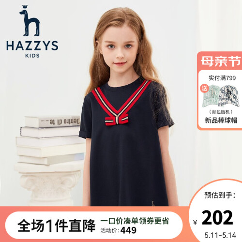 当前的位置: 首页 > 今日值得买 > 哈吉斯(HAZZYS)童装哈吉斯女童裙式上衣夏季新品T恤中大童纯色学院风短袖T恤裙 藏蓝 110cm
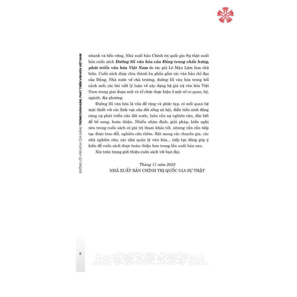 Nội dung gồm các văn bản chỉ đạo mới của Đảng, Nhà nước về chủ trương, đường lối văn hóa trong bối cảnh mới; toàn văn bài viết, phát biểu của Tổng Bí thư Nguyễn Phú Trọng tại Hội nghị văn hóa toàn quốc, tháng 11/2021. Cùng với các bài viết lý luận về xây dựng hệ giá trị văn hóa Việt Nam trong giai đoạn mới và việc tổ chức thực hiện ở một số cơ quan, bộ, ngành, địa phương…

* * *

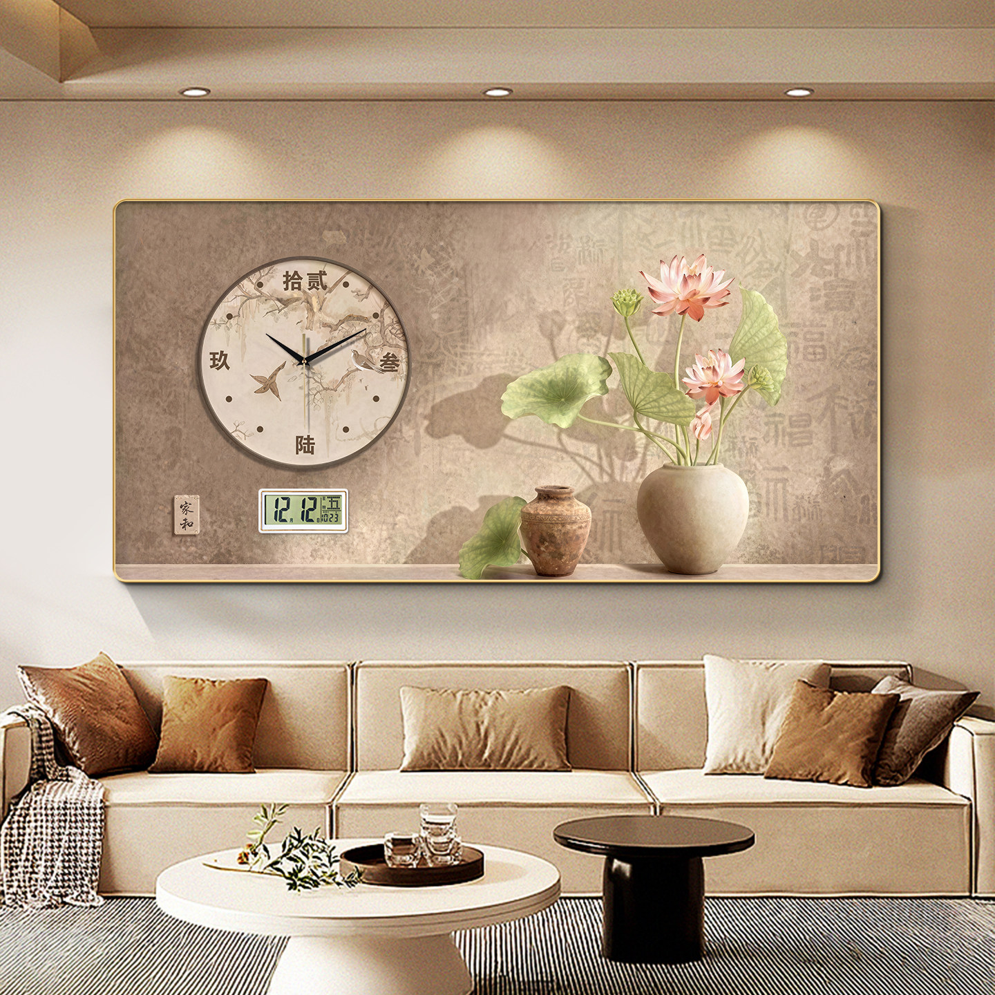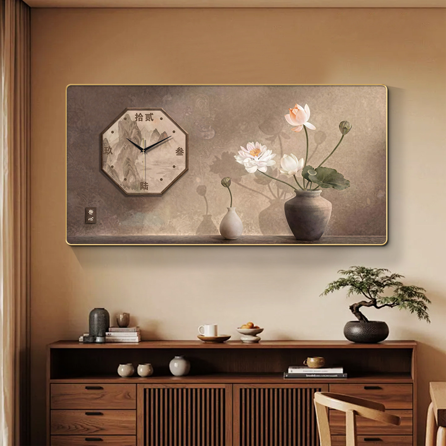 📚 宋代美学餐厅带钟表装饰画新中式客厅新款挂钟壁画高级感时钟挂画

Aim of the exercise: In the material above, one part opens with the line containing "当前的位置: 首页 >" and closes with the line containing "Nội dung gồm". Write out that part exactly and skip its pictures.

Task output:
 当前的位置: 首页 > 今日值得买 > 哈吉斯(HAZZYS)童装哈吉斯女童裙式上衣夏季新品T恤中大童纯色学院风短袖T恤裙 藏蓝 110cm
 Nội dung gồm các văn bản chỉ đạo mới của Đảng, Nhà nước về chủ trương, đường lối văn hóa trong bối cảnh mới; toàn văn bài viết, phát biểu của Tổng Bí thư Nguyễn Phú Trọng tại Hội nghị văn hóa toàn quốc, tháng 11/2021. Cùng với các bài viết lý luận về xây dựng hệ giá trị văn hóa Việt Nam trong giai đoạn mới và việc tổ chức thực hiện ở một số cơ quan, bộ, ngành, địa phương…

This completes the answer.